As described above, the inductor 100 according to the embodiment of the present invention can improve the inductance property and DC-bias property even at a high frequency of 1 MHz or more using the magnetic material including the metal magnetic body powder having a relatively higher saturated magnetization value than that of an ferrite oxide-based material as a material for manufacture of the device body 110. In this case, since the metal magnetic body powder 130 having a high saturated magnetization value is used as the magnetic body material, problems related to a decrease in inductance property and low direct current overlapping property due to the magnetic saturation can be solved, and there is no need to form a separate non-magnetic body gap layer. Accordingly, the inductor according to the present invention includes the device body manufactured using the magnetic material containing the metal particle having a high saturated magnetization value, and in comparison with the case in which only the ferrite material is used as the magnetic material, the high inductance property and DC-bias property can be exhibited even at a high frequency band of 1 MHz or more.

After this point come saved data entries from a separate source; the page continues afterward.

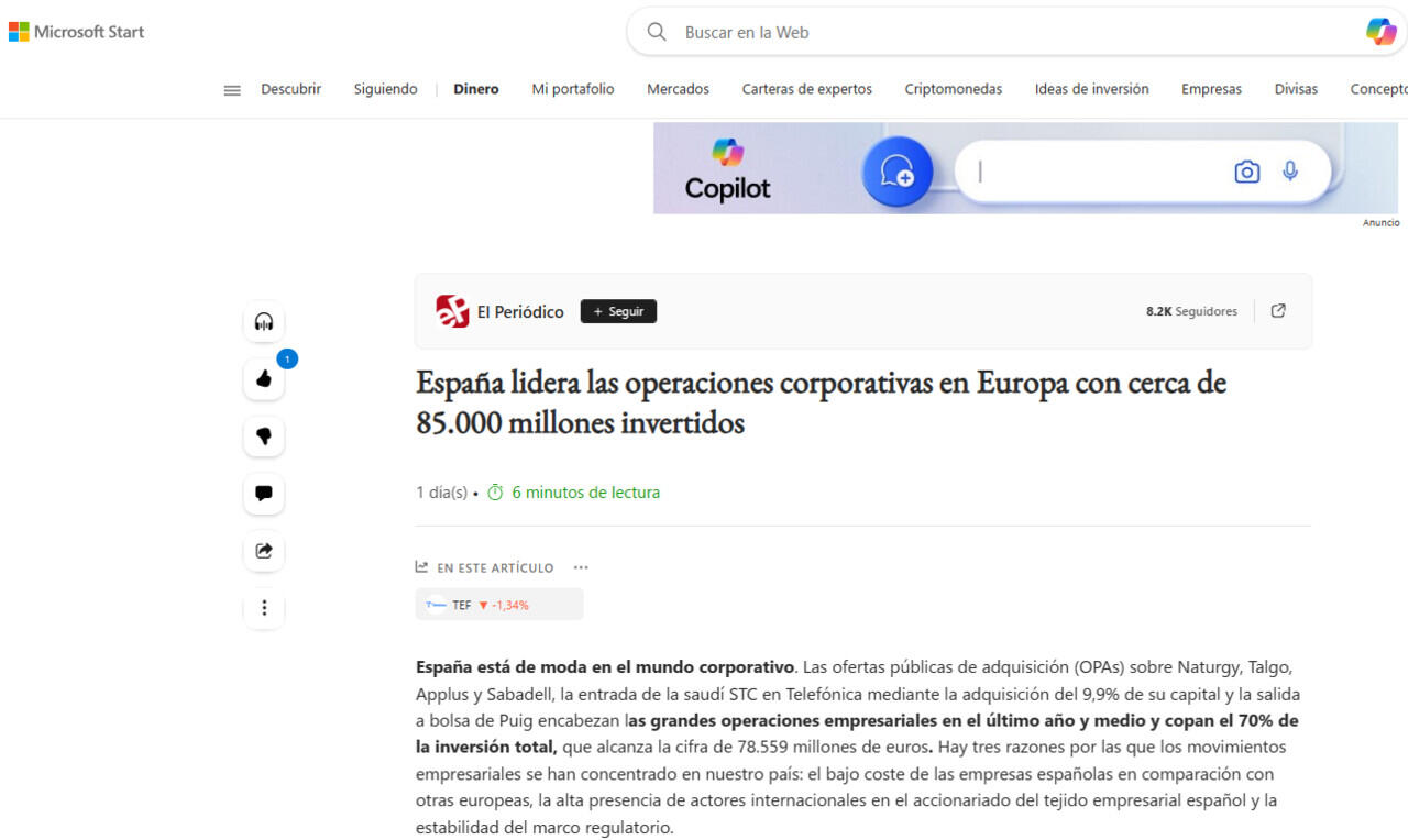 España está de moda en el mundo corporativo. Las ofertas públicas de adquisición (opas) sobre Naturgy, Talgo, Applus y Sabadell, la entrada de la saudí STC en Telefónica mediante la adquisición del 9,9% de su capital y la salida a bolsa de Puig encabezan las grandes operaciones empresariales en el último año y medio y copan el 70% de la inversión total, que alcanza la cifra de 85.000 millones de euros. Hay tres razones por las que los movimientos empresariales se han concentrado en nuestro país: el bajo coste de las empresas españolas en comparación con otras europeas, la alta presencia de actores internacionales en el accionariado del tejido empresarial español y la estabilidad del marco regulatorio.
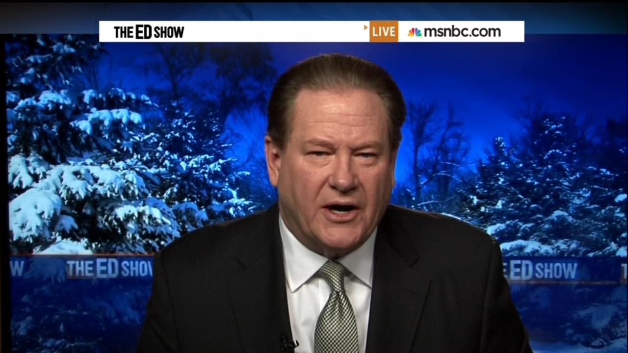 Below is a transcript of the relevant portion of the Friday, April 18, The Ed Show on MSNBC:
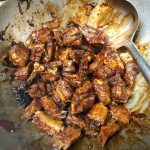 - Mở nắp vung ra, tăng lửa cho nước cạn bớt. Sau đó cho hắc xì dầu vào đảo đều. Khi nước cạn sánh thì tắt bếp, rắc vừng và 1/2 tbsp dấm đen vào rồi đảo qua một lượt nữa. Cho ra đĩa và thưởng thức, ngon nhất khi ăn sườn ở nhiệt độ phòng.
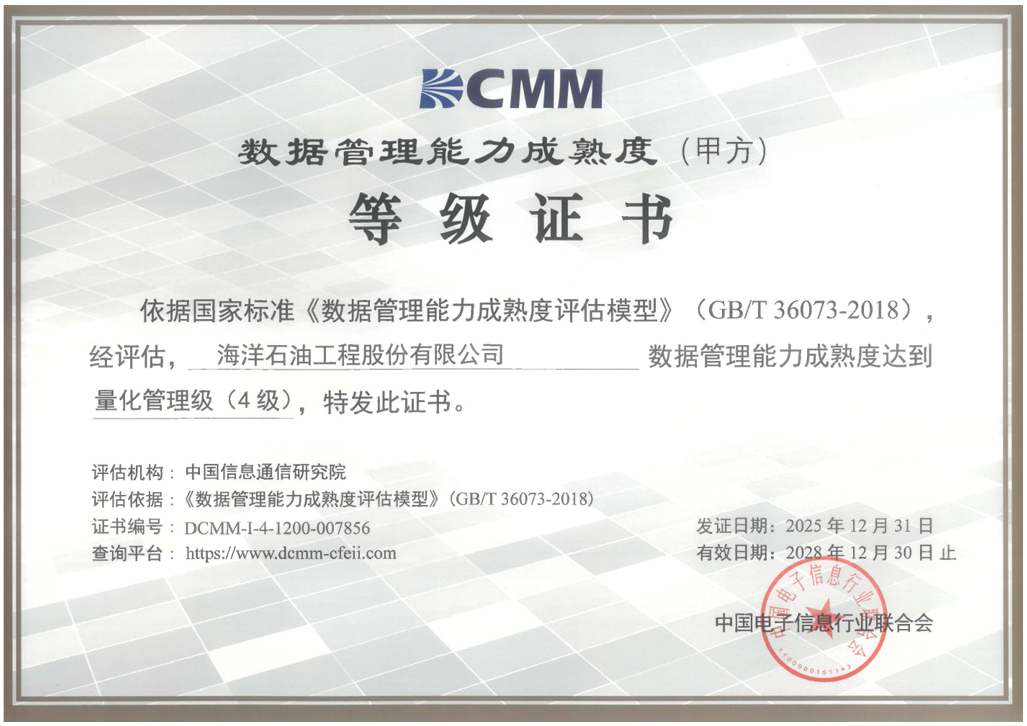 近年来,海油工程紧跟集团公司步伐,积极落实数据管理重点任务,将数据作为核心生产要素进行系统性规划与治理。公司以DCMM为抓手,围绕“服务公司战略、解决业务痛点、发挥数据价值”持续发力,推动数据要素与业务深度融合,构建起系统化、规范化的数据管理体系。通过量化分析与持续优化,数据质量显著提升,跨域共享能力不断增强,数据安全有效保障,数据价值持续释放,为战略决策和业务运营提供了高质量支撑,奠定了数据驱动业务创新与生产增效的坚实基础。
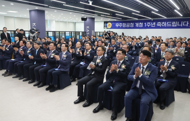 지난달 27일 정부 관계자들이 모인 가운데 경남 사천시 우주항공청에서 제1회 우주항공의 날 기념식이 열리고 있다. 우주항공청 개청을 기념해 제정한 이날 첫 기념식은 경기도에서 치러질 예정이었으나 경남의 여론이 악화되자 급히 개최지를 사천으로 바꾸는 등 소동을 겪었다. 연합뉴스
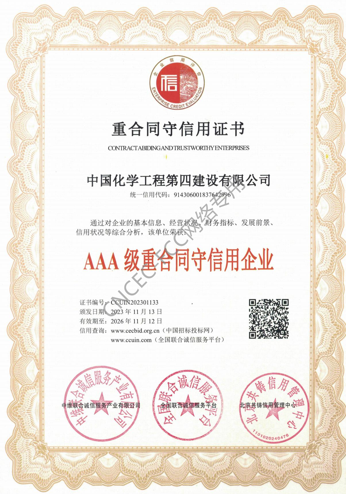 AAA級重合同守信用企業證書
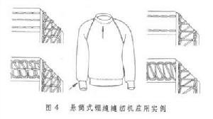 分钟可缝制3000~4200个覆盖链式线迹。由于其圆筒机座直径较小,特别适合于针织物狭小部位如袖口、裤腿等的缝合和表面装饰。图4为其应用实例。
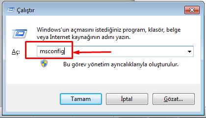 2. Açılan Çalıştır penceresinde Aç kutucuğuna msconfig kelimesini yazıp Tamam butonuna tıklıyoruz.
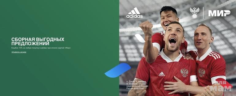 Кэшбэк 15% за любую покупку в adidas при оплате картой «Мир»
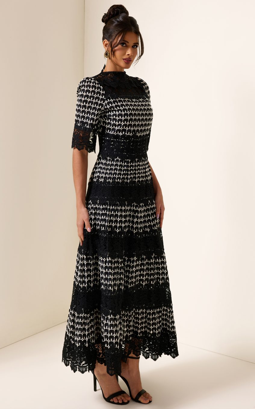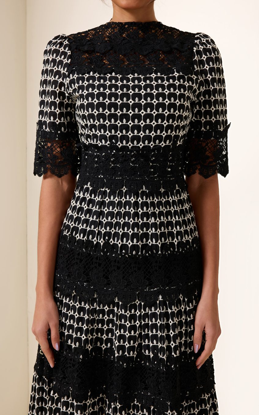 Lace Embroidery Short Sleeve Midi Dress

Next, the composite used for manufacturing the device body 110 of the above-mentioned inductor 100 will be described in detail. Here, overlapping description of the above-mentioned inductor 100 will be omitted or simplified.

FIG. 3 is a view showing a unit structure of the composite according to the embodiment of the present invention. Referring to FIGS. 1 to 3, the composite 131 according to the embodiment of the present invention is a composite for manufacture of the device body of the deposition type or thin film type power inductor used in a frequency band of 1 MHz or more, which may be composed of predetermined magnetic materials 132, 134 and 136, and the binder 138. The magnetic materials 132, 134 and 136 may be three or more kinds of magnetic body particles. For example, the magnetic materials are composed of magnetic powders 131 having a spherical or substantially spherical shape and a metal magnetic body powder 136 more amorphous than the magnetic powders, and the magnetic powders 131 may include an alloy particle 132 and a ferrite particle 134.

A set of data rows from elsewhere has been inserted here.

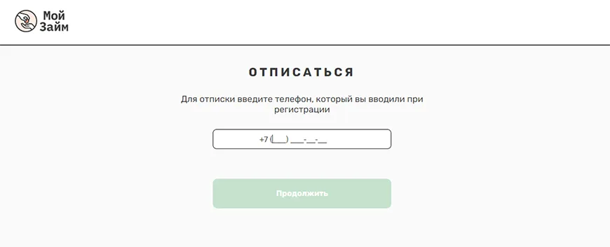 Для отказа от использования подписки следует воспользоваться функционалом на официальном сайте компании. Отключить услуги иным образом на данный момент невозможно. Отписаться от платных подписок Мой займ легко по ссылке, следуя инструкции:
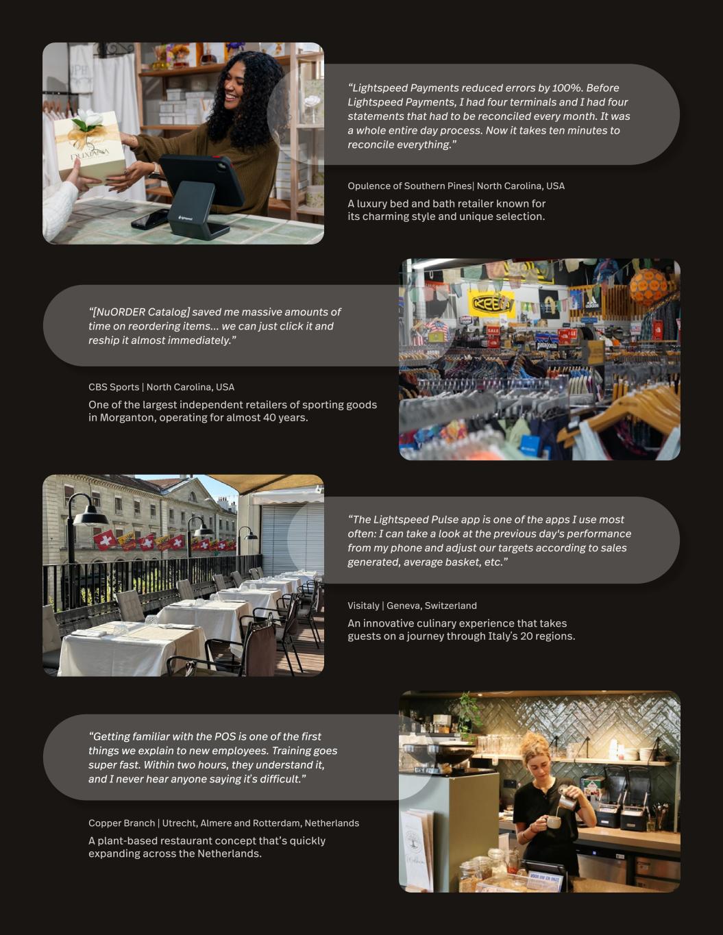 Opulence of Southern Pines| North Carolina, USA A luxury bed and bath retailer known for its charming style and unique selection. “Lightspeed Payments reduced errors by 100%. Before Lightspeed Payments, I had four terminals and I had four statements that had to be reconciled every month. It was a whole entire day process. Now it takes ten minutes to reconcile everything.” CBS Sports | North Carolina, USA One of the largest independent retailers of sporting goods in Morganton, operating for almost 40 years. “[NuORDER Catalog] saved me massive amounts of time on reordering items... we can just click it and reship it almost immediately.” Visitaly | Geneva, Switzerland An innovative culinary experience that takes guests on a journey through Italyʼs 20 regions. “The Lightspeed Pulse app is one of the apps I use most often: I can take a look at the previous day's performance from my phone and adjust our targets according to sales generated, average basket, etc.” Copper Branch | Utrecht, Almere and Rotterdam, Netherlands A plant-based restaurant concept that’s quickly expanding across the Netherlands. “Getting familiar with the POS is one of the first things we explain to new employees. Training goes super fast. Within two hours, they understand it, and I never hear anyone saying itʼs difficult.”
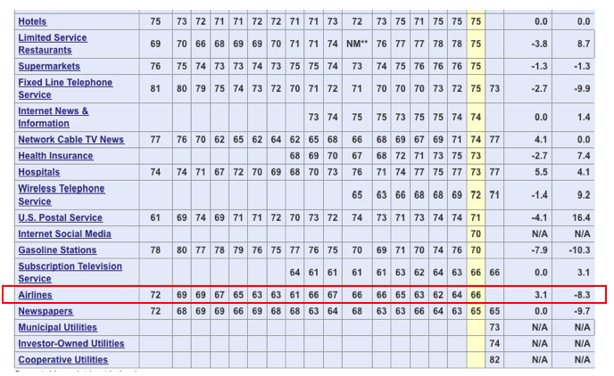 航空业客户满意度看上去还不错,比银行、服装、汽车行业排名高,但下表可以看出比酒店、餐饮和超市等行业的要低:

The alloy particle 132 may be a magnetic material having a relatively larger level of contribution to improvement of permeability of the inductor than that of the ferrite particle 134. The alloy particle 132 may be constituted by a core particle 132a and an oxide layer 132b formed on the core particle 132a. Iron-based alloy particle may be used as the core particle 132a. For example, at least one of Fe—Si, Fe—Al, Fe—N, Fe—C, Fe—B, Fe—Co, Fe—P, Fe—Ni—Co, Fe—Cr, Fe—Si—Al, Fe—Si—Cr, and Fe—Si—B—Cr may be used as the alloy particle 132. The oxide layer 132b may be a film formed by oxidizing the core particle 132a. Accordingly, the oxide layer 132b may be a film formed of a material such as FeO, Fe₂O₃, and Fe₃O₄ when the core particle 132a is the iron-based alloy particle. In addition, in order to maximize a magnetic property effect, the oxide layer may be a film using ferrite, which is partially substituted with a metal ion such as Ni, Cu, Zn, or the like.

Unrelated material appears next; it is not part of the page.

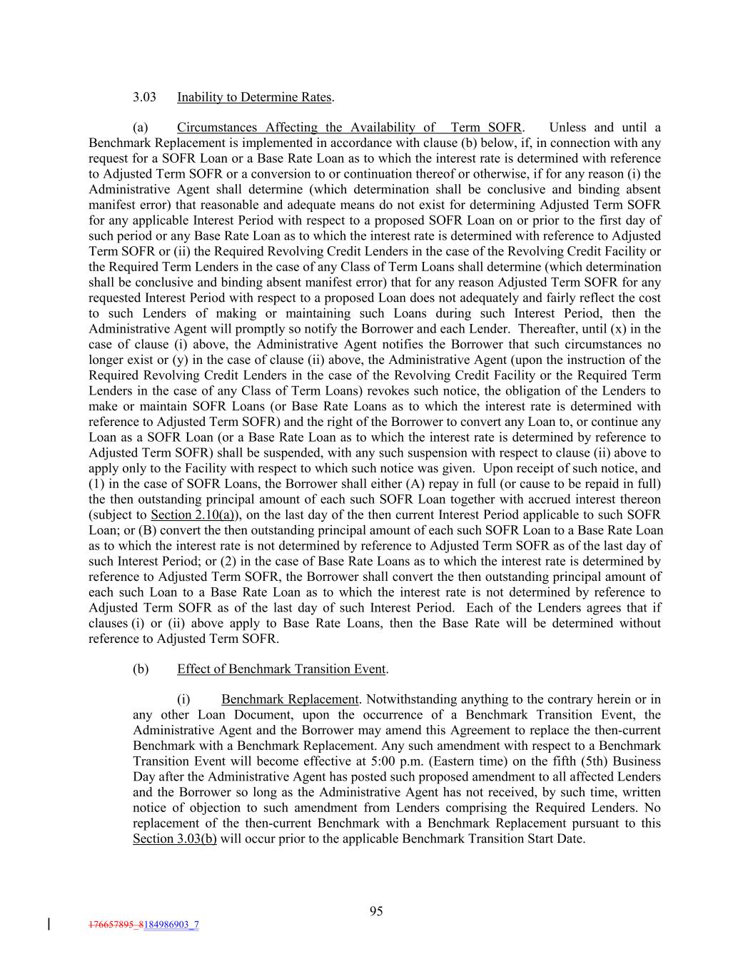 3.03 Inability to Determine Rates. (a) Circumstances Affecting the Availability of Term SOFR. Unless and until a Benchmark Replacement is implemented in accordance with clause (b) below, if, in connection with any request for a SOFR Loan or a Base Rate Loan as to which the interest rate is determined with reference to Adjusted Term SOFR or a conversion to or continuation thereof or otherwise, if for any reason (i) the Administrative Agent shall determine (which determination shall be conclusive and binding absent manifest error) that reasonable and adequate means do not exist for determining Adjusted Term SOFR for any applicable Interest Period with respect to a proposed SOFR Loan on or prior to the first day of such period or any Base Rate Loan as to which the interest rate is determined with reference to Adjusted Term SOFR or (ii) the Required Revolving Credit Lenders in the case of the Revolving Credit Facility or the Required Term Lenders in the case of any Class of Term Loans shall determine (which determination shall be conclusive and binding absent manifest error) that for any reason Adjusted Term SOFR for any requested Interest Period with respect to a proposed Loan does not adequately and fairly reflect the cost to such Lenders of making or maintaining such Loans during such Interest Period, then the Administrative Agent will promptly so notify the Borrower and each Lender. Thereafter, until (x) in the case of clause (i) above, the Administrative Agent notifies the Borrower that such circumstances no longer exist or (y) in the case of clause (ii) above, the Administrative Agent (upon the instruction of the Required Revolving Credit Lenders in the case of the Revolving Credit Facility or the Required Term Lenders in the case of any Class of Term Loans) revokes such notice, the obligation of the Lenders to make or maintain SOFR Loans (or Base Rate Loans as to which the interest rate is determined with reference to Adjusted Term SOFR) and the right of the Borrower to convert any Loan to, or continue any Loan as a SOFR Loan (or a Base Rate Loan as to which the interest rate is determined by reference to Adjusted Term SOFR) shall be suspended, with any such suspension with respect to clause (ii) above to apply only to the Facility with respect to which such notice was given. Upon receipt of such notice, and (1) in the case of SOFR Loans, the Borrower shall either (A) repay in full (or cause to be repaid in full) the then outstanding principal amount of each such SOFR Loan together with accrued interest thereon (subject to Section 2.10(a)), on the last day of the then current Interest Period applicable to such SOFR Loan; or (B) convert the then outstanding principal amount of each such SOFR Loan to a Base Rate Loan as to which the interest rate is not determined by reference to Adjusted Term SOFR as of the last day of such Interest Period; or (2) in the case of Base Rate Loans as to which the interest rate is determined by reference to Adjusted Term SOFR, the Borrower shall convert the then outstanding principal amount of each such Loan to a Base Rate Loan as to which the interest rate is not determined by reference to Adjusted Term SOFR as of the last day of such Interest Period. Each of the Lenders agrees that if clauses (i) or (ii) above apply to Base Rate Loans, then the Base Rate will be determined without reference to Adjusted Term SOFR. (b) Effect of Benchmark Transition Event. (i) Benchmark Replacement. Notwithstanding anything to the contrary herein or in any other Loan Document, upon the occurrence of a Benchmark Transition Event, the Administrative Agent and the Borrower may amend this Agreement to replace the then-current Benchmark with a Benchmark Replacement. Any such amendment with respect to a Benchmark Transition Event will become effective at 5:00 p.m. (Eastern time) on the fifth (5th) Business Day after the Administrative Agent has posted such proposed amendment to all affected Lenders and the Borrower so long as the Administrative Agent has not received, by such time, written notice of objection to such amendment from Lenders comprising the Required Lenders. No replacement of the then-current Benchmark with a Benchmark Replacement pursuant to this Section 3.03(b) will occur prior to the applicable Benchmark Transition Start Date. 95 176657895_8184986903_7

The ferrite particle 134 may be a magnetic material having a relatively larger Q value of the inductor than that of the alloy particle 132. Various kinds of ferrite-based magnetic particles may be used as the ferrite particle 134. For example, Ni—Zn or Ni—Zn—Cu ferrite particle may be used as the ferrite particle 134. Here, Ni—Zn ferrite particle may be used as the ferrite particle 134, and alternatively, ferrite that selectively contains Fe2O3, NiO, ZnO and CuO may be used as the ferrite particle.

The metal magnetic body particle 136 may be a magnetic material that contributes to improvement of permeability and Q property of the inductor. In addition, the metal magnetic body particle 136 may be used as a material that largely increases a filling rate of the magnetic material with respect to the composite 131. For example, the metal magnetic body particle 136 may be formed of a pure iron particle 136a and an insulating film 136b formed on a surface of the pure iron particle 136a.

The pure iron particle 136a may be a pure iron particle having a purity of 99 wt %. The pure iron particle 136a may have a relatively lower hardness than that of the alloy particle 132 and the ferrite particle 134. Accordingly, the pure iron particle 136a may be deformed in a shape corresponding to an empty space between the spherical magnetic materials 132 and 134 except for the pure iron particle 136a to fill the empty space during the manufacturing process of the composite 131. The amorphous pure iron particle 136a can further increase the filling ratio of the magnetic material with respect to the composite 131.

The insulating film 136b may be a film formed of an oxide having a high electrical insulating property and good mechanical property. For example, the insulating film 136b may use phosphate or the like to improve a contribution level to the magnetic property of the inductor 100. As another example, Fe3O4, NiZnCu ferrite, NiZn ferrite, or the like, that may increase a contribution effect of the magnetic property may be used, in addition to the phosphate. Otherwise, an oxide such as MgO or Al2O3 may be used.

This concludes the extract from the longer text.